Стекленеет душа у вина на столе,
шевелюрa, как море седое, - Ферре,
студень мертвых зеркал - льется в тазик,
на подставкy из мрамора; вижу: на дне
одиночество свечечку держит во мгле,
как пчелy, залетевшую с пасек.
И у времени корень, как иней, - седой,
и у Франций - костюмов для святок,
голосов, что хрипят подземельной тоской,
набралось -
средь роскошных отбросов - водой
восковой
в тазик святочных яблок...
***
Как мало мы ценим все то, что дается,
что в руки дается и в них остается,
а в руки когда-то огромное небо
упало, устало и стало - снегом,
и стало слезинкой на снежном пюпитре,
размажь по щекам, но подолом - не вытри.
Вода на ладошке, в колодце ладони
снега, и века, и храпящие кони,
и руки - на лоб, и упрямые локти,
и кажется, в том, что мы видим напротив,
нет счастья, напротив нас мало заметно
и небо, и счастье - лишь долгая лента
событий и дней, протекающих мимо,
и только вдали снова кажется зримой
та чашка на блюдце, что пела, как Моцарт,
как нотка под звездным копытцем. В колодце
воды на ладошке - снега и румяна
опять. Но, как время, мы стали упрямы.
Застыть в снежной нотке сумеешь, как в латах?
Жить в варежке - солнцeм? Не мыслить в утратах?
Черное море в январе
Мерзость, слякоть январской зимой;
в море, яростно позеленевшем, -
морось, волны встают спиной
к нам. «Не пей эту буйную мерзость, -
ветер шепчет, - ступай домой,
привыкай потихоньку к теми,
к тонкой ниточке золотой
сквозь дожди из увядшей сирени,
к этой лампочке и тоске
долгих утр с мотыльком из солнца.»
Как там снег дрожит на виске
в тихом облаке вдалеке?
Этот снег неустанно в космос
отправляет бумажный пакет:
вам письмо от судьбы, вот гранки
снежных дум. «Только ты не ходи
утром на море. В пепле галкой,
малой галочкой пропадешь
иль на плахе его - утонешь.
Пропадешь! Гильотины нож -
каждый стон его зимних историй.
Каждый стон, каждый адский всплеск
притворился стеклом...» О Боже,
что за жуткая эта смесь
чистоты, бурлящей под кожей
льдов, и хвойных грязевых ванн!
И смирительною рубашкой
побережье лежит, но страх
моря хлещет в него без промашки
мелочевкой осколков.
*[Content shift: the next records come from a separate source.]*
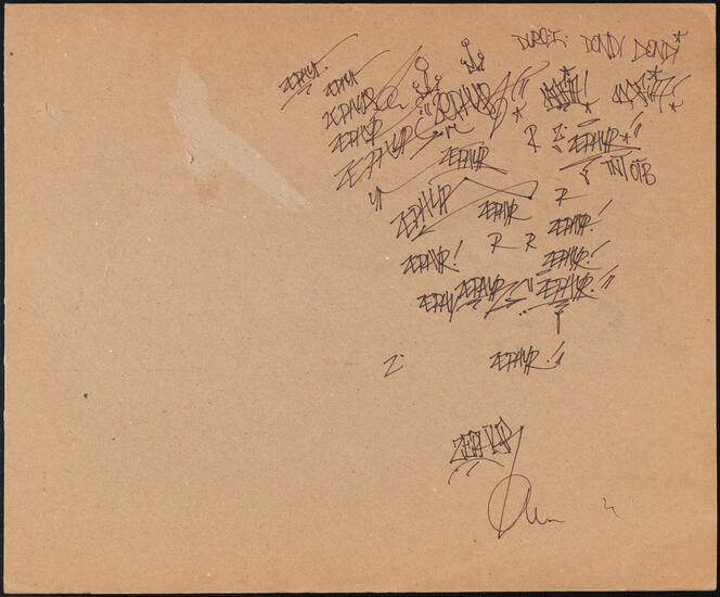 Zephyr [Loose notebook page in Zephyr's sketch pad.]
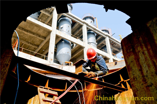 在鍋爐工段,施工人員正在忙著筑爐?!板仩t工段是園區(qū)項(xiàng)目開(kāi)車的重要工段,也是所有工段最先開(kāi)車的工段。因?yàn)?,只有鍋爐工段開(kāi)車正常,產(chǎn)生出合格的蒸汽后,其它工段才能進(jìn)行吹除、試壓、試漏、預(yù)熱管道、預(yù)熱設(shè)備。所以,鍋爐工段的正常運(yùn)行,直接影響到整個(gè)項(xiàng)目的試運(yùn)行?!睙崃ο到y(tǒng)負(fù)責(zé)人沈獻(xiàn)介紹說(shuō)。
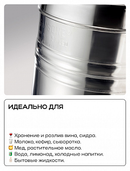 Можно использовать для хранения молока, вина, браги, спирта, концентратов, меда и других пищевых жидкостей и сыпучих продуктов, а также для брожения вин и настоек в домашних условиях.
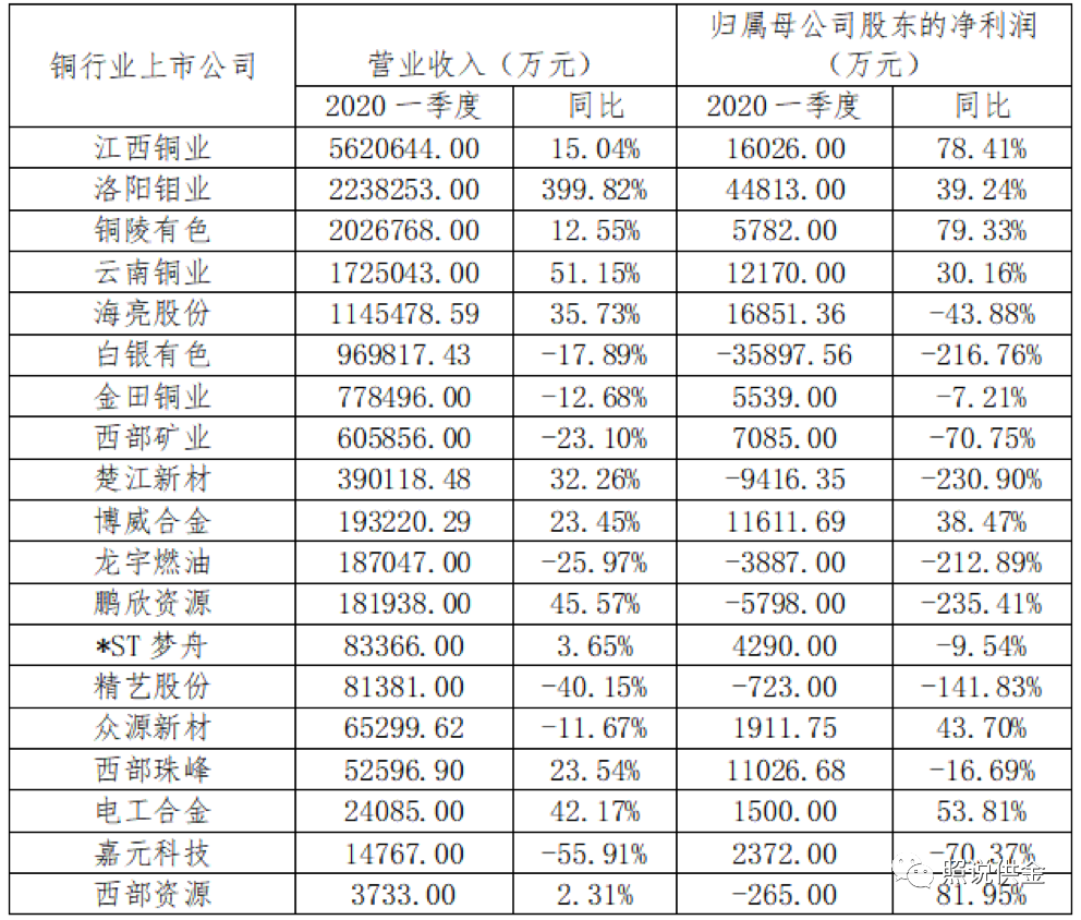 2020年初新冠疫情对铜行业企业的生产经营产生造成了一定影响,铜金属价格跌幅较大,近半铜行业上市公司一季度营业收入和净利润较上年同期有所下降。
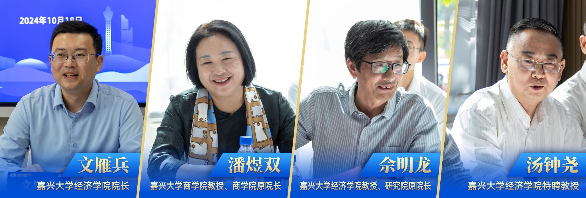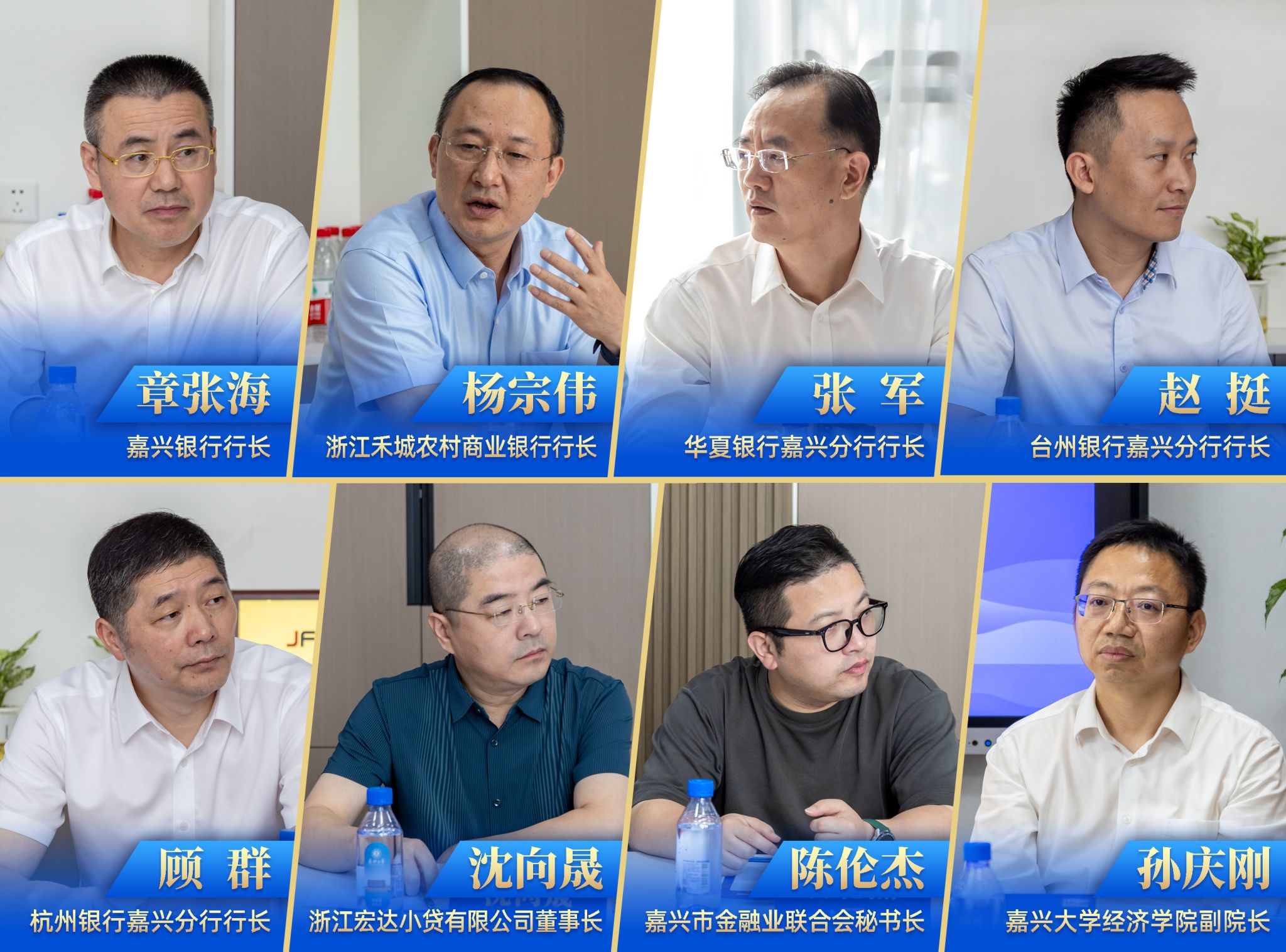 党委书记沈希,嘉兴市政协经济委员会主任沈玉良,嘉兴银行行长章张海,浙江禾城农村商业银行行长杨宗伟,华夏银行嘉兴分行行长张军,台州银行嘉兴分行行长赵挺,杭州银行嘉兴分行行长顾群,浙江宏达小贷有限公司董事长沈向晟,嘉兴市金融业联合会秘书长陈伦杰,学校人文社科处、黑料不打烊
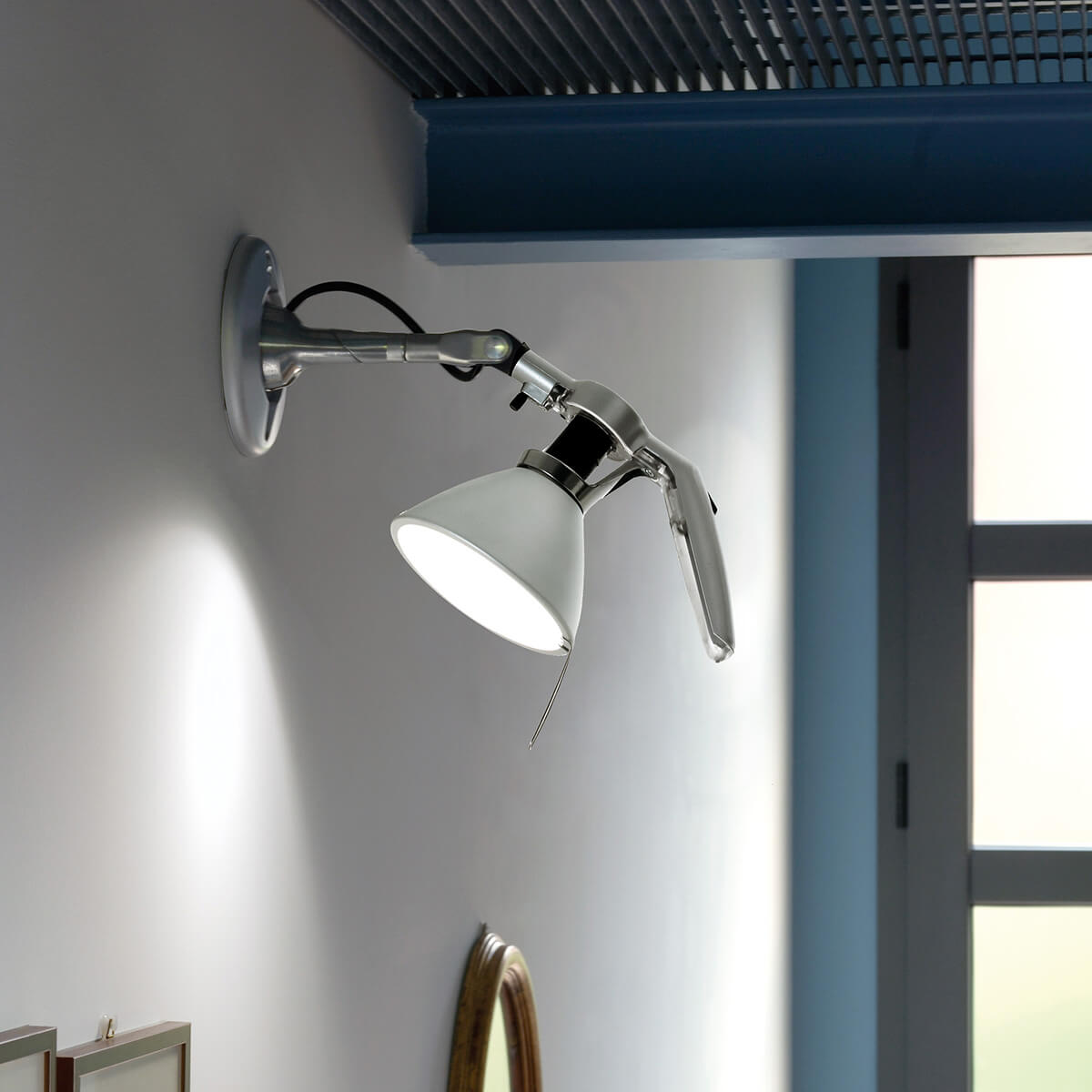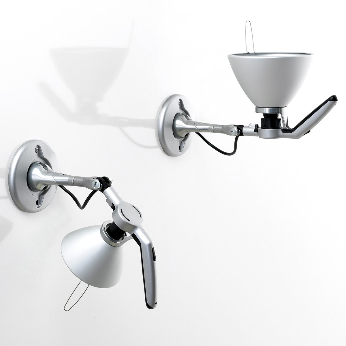 Letzteres wird durch den beweglichen Kopf und den kippbaren Leuchtenarm ermöglicht, wodurch sich die Lichtquelle der Fortebraccio Spot in eine stets andersartige Position bringen lässt. Der nahe dem Diffusor befindliche Griff – ein Charakteristikum der Luceplan Fortebraccio Leuchtenserie – macht es dem Benutzer leicht, die Leuchte bequem und einfach zu manövrieren.
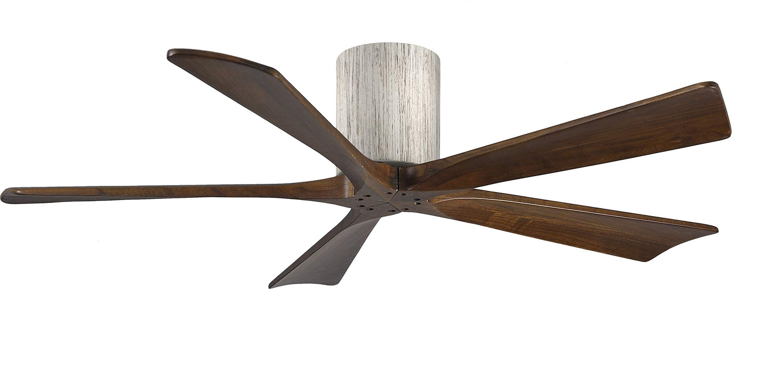 Matthews Fan IR5H-BW-WA-52 Irene-5H five-blade flush mount paddle fan in Barn Wood finish with 52” solid walnut tone blades.
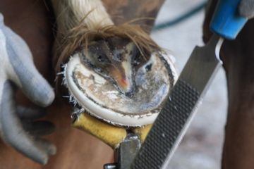 | Dire merci | des petites traces rouges apparaissent (mais c'est déjà le signe que c'est "fini"...) soit en sole soit en fourchette ou en paroi suivant le type de "choc"... souvent du à un parage pas adéquat (trop long en pince par ex) |
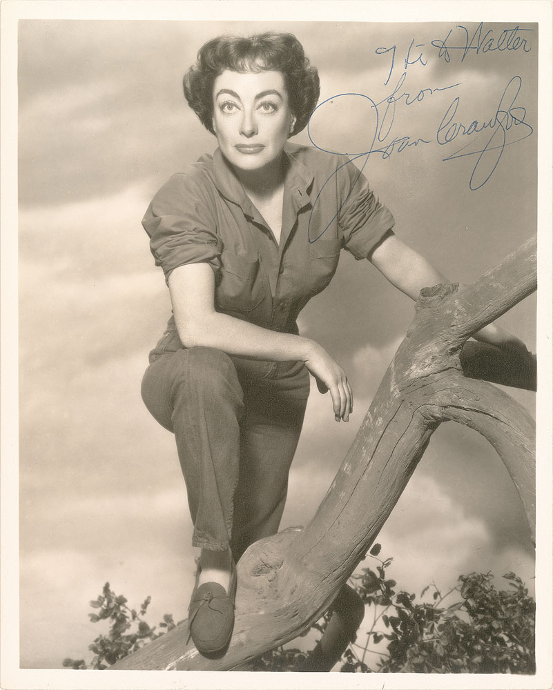 Three matte-finish photos signed by Joan Crawford, including: an 8 x 10 studio portrait by Bert Six, signed and inscribed in blue ballpoint, "Hello to June and Roy, from, Joan Crawford,” with the reverse bearing a Warner Bros. photography stamp; and two photos of Crawford as Vienna in the 1954 film Johnny Guitar, both approximately 8 x 10, both signed and inscribed in ballpoint, "Hi to Walter, from, Joan Crawford” and “To Ambrose, from Joan Crawford.” In overall fine condition.
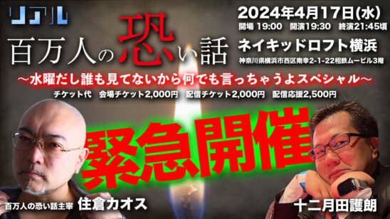 怪談界の重鎮であり、プロ猥談家でもある住倉カオスのYouTube「百万人の恐い話」リアルイベント!

Лед -
глыбы зелени венецианской -
затыкает безумный рот
моря черной души цыганской.
Январские сумерки
Тихо-тихо-фиолетово
в сумерках, как в странном сне.
Обозначил кто-то веткою,
словно меткой на стене,
небо - мило - полустертое,
ветхо, словно простыня.
Мир стеной огнеупорною
охранял всех от огня.
Но горело и стремилось все
заглянуть за самый край
облака с жар-птицей дивною...
Пахнет каждый год январь
новой комнатной побелкою -
очень старая игра.
На стене осталась меткою
уцелевшая строфа:
«Я один и ростом с веточку.
Вижу только синеву,
склянкy снов с тончайшей сеточкой;
в мир дорогу не найду...»
***
И ничего, и никого:
частиц - на выстрел.
Куда ту башню понесло
под выхлест выси?
Кто шею тянет, безголов,
кто над стихией
вознес свой кров,
кто из углов
бегущих линий
возвысился,
покров порвав,
на горизонте?
Какой корабль
стоит, как раб,
и держит зонтик
над хлябью,
над утопшим днем
в бездомном граде?
Кто зонтик носит в снегопад?
Кто видит в вате?
Кто донкихотствует в снегах?
в столбах кто пляшет?
Снег петлю вяжет впопыхах
на шею башни...
Все занесло.
Все чувства - воск -
в гремящий невод..
Но башни - с каменным лицом
плывyт по небу.
И верят в стаи снежных птиц,
в закаты лисьи,
и в стойкость жизненных частиц:
в наш город - снизу.
На белизну
На белизну - на всю ее протяжность
выть, подменяя волчьим воем жуть
отсутствия следов,
но здесь волков не держат,
и вой сирен просверливает путь
сквозь бруклинский пейзаж,
заснеженный и нервный.
Осколки черных веточек и скрип
от поросли сосулек; утром тик-
так у часов застрял, что хочется вернуться
в свой первый сон глухой; нет разницы меж пашней
смертей и жизней и грохочущей, бумажной
той тишиной, где изначально ты - один.
Балеринка
Л. Фильштнской
Такая тонкая и длинная,
с рукой заломленной,
пять пальчиков - ко лбу,
пред зеркалом стояла балеринка.
Вуаль, как облако, валялaсь на полу.
Прозрачный газ струил по доскам нервно
седую дрожь, звенел бидоном, мёл сугробы
в чердачный дым раскольничьева мира
с дощатой сценой маленького гроба.
Да и сама она в зеркальном отраженье
зимой казалась, над колодезным провалом -
Раскольниковым, вышедшим на сцену
и ставшим журавлем на фоне ватном
меж двух миров, оконных рам.
И в зеркалах есть щели,
где стынет гордость и мигренью гасит славу.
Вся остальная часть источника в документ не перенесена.